Believe it or not, KTM has won the Dakar Rally every year since 2001 when Italian Fabrizio Meoni won the race on the Austrian company’s LC4 660R. Keeping that win streak in 2013 alive falls at the feet of Frenchman Cyril Despres, the KTM factory rider ready to defend his title when the race gets started on January 5 in Lima, Peru.
If Despres or another KTM rider gets the job done, it will be 12 straight wins in the world’s most famous rally for the brand. Despres will also be gunning for his fifth career win in the race.
Prior to Christmas, it looked like Despres would be racing with teammate Marc Coma, the pair having won the Dakar in alternating years since 2005. But Coma was forced to withdraw from the race with the shoulder injury suffered in the Rally of Morocco taking longer to heal than expected.
Even though Coma was working with physiotherapists and his doctors right up to the last minute, he still has some lack of movement in his shoulder and didn’t have the level of fitness needed for such a grueling event.
Last year, Despres and Coma were only minutes apart in actual riding times after 15 days and almost 5000 miles of the world’s most challenging terrain.
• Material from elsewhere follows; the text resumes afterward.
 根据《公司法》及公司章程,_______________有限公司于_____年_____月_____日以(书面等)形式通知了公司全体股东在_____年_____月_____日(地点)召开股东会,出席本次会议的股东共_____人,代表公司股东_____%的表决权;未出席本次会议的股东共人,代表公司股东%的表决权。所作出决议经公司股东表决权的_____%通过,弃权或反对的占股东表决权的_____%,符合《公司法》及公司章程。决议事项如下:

While it will now be up to Despres to again challenge for the title, American race fans were pleased to find out that Kurt Caselli had been named to ride Coma’s 450 Rally bike in this year’s race. KTM had registered a reserve rider with the organizers in case one of the factory team was unable to compete and Caselli has welcomed the opportunity to step in. Winner of multiple AMA off-road titles and the current AMA Hare & Hounds Champion, Caselli says it was always a career goal to compete in the Dakar.
“To be able to race the greatest off-road race in the world aboard the best bike in the world is truly a blessing,” he said. “This is not only a milestone in my career but also in my life.”
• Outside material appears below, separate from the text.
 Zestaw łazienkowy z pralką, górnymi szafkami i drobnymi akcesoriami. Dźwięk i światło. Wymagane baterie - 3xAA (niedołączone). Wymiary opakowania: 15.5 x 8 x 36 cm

Meanwhile team manager Alex Doringer has underlined that Caselli will be riding in his first Dakar for experience and adventure and there is no pressure on him to achieve a top position.
Despres is quick to point out that it is the race itself that is his biggest rival.
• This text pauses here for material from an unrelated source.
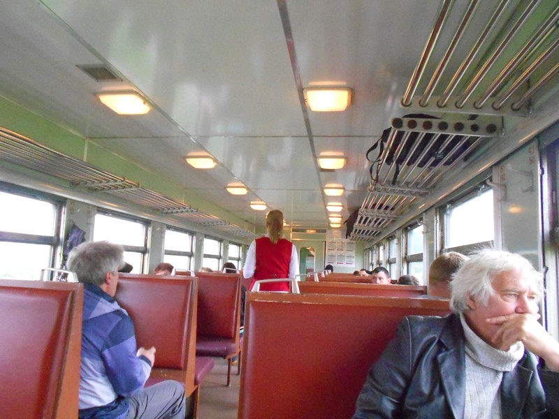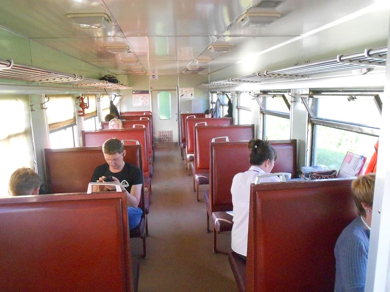 В вагоне дизель-поезда Д2-008 сообщением Томари - Холмск - 77 км. Время 7:37.

“I am always cautious,” he says. “I always say that my biggest rival on the Dakar isn’t the other competitors but the desert itself. That is the thing on the Dakar that no one can master!”
The French rider, considered at the peak of his career, goes into the 2013 edition after victories in 2012 in the Desafio Littoral and the Morocco Rally.
Also riding in KTM colors once again and on the KTM 450 Rally factory bike will be the two regular support riders or “water carriers,” Ruben Faria of Portugal and Juan Pedrero of Spain. This year KTM is also fielding a Factory “B” Team made up of South African duo Darryl Curtis and Riaan van Niekerk, who are joined by Poland’s rising star rally personality Jakub ‘Kuba’ Przygonski.
For the first time, the South American Dakar will take a north-south perspective over the 14 stages, starting in Lima, Peru and traveling south to finish in Santiago, Chile, while taking in four stages in Argentina on the way. Riders set out on January 5 and finish on January 19 with one rest day scheduled for January 13.
They will first tackle the coastal desert of southern Peru and according to organizers will be under constant pressure for the eight stages up until the rest day. Stage nine will be the longest of 2013, some 530 miles.